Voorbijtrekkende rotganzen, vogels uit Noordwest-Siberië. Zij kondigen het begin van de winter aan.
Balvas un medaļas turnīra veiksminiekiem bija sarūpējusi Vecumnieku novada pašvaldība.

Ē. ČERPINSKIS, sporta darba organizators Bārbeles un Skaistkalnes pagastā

--

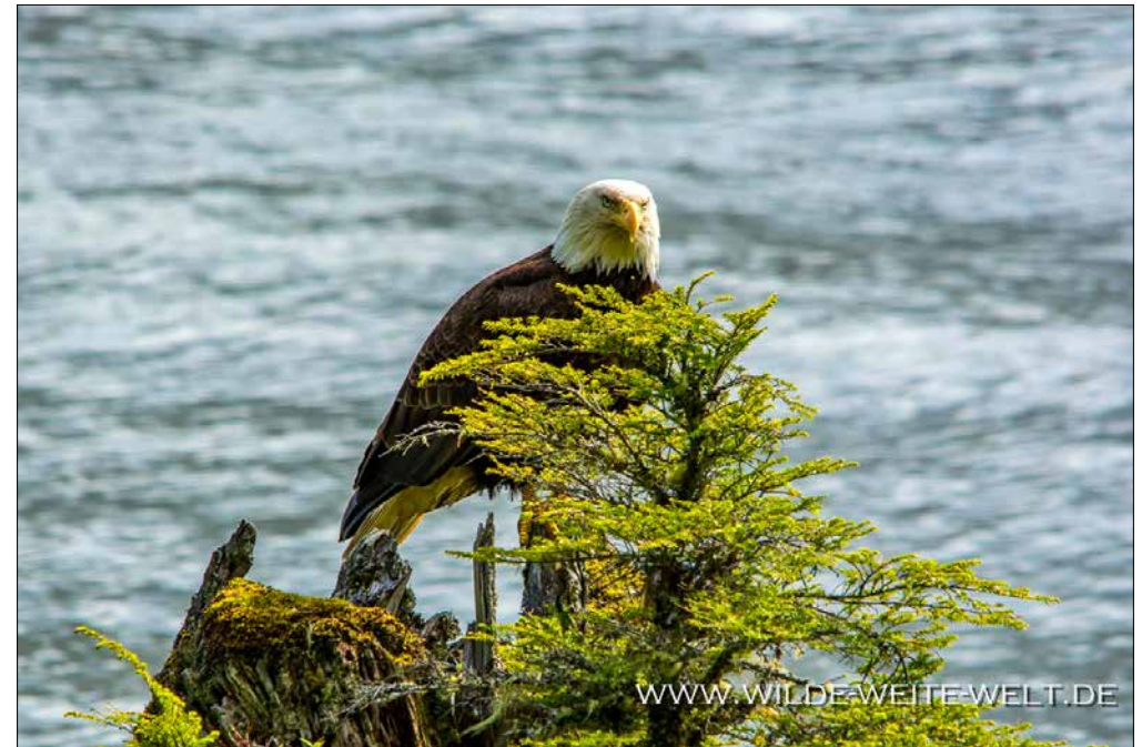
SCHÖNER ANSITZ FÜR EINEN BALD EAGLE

* Try it:
In the material above, find the line containing "Voorbijtrekkende rotganzen, vogels" and the line containing "Ē. ČERPINSKIS, sporta", then write out exactly those two lines and every line between them, and nothing more.

* Response area:
Voorbijtrekkende rotganzen, vogels uit Noordwest-Siberië. Zij kondigen het begin van de winter aan.
Balvas un medaļas turnīra veiksminiekiem bija sarūpējusi Vecumnieku novada pašvaldība.

Ē. ČERPINSKIS, sporta darba organizators Bārbeles un Skaistkalnes pagastā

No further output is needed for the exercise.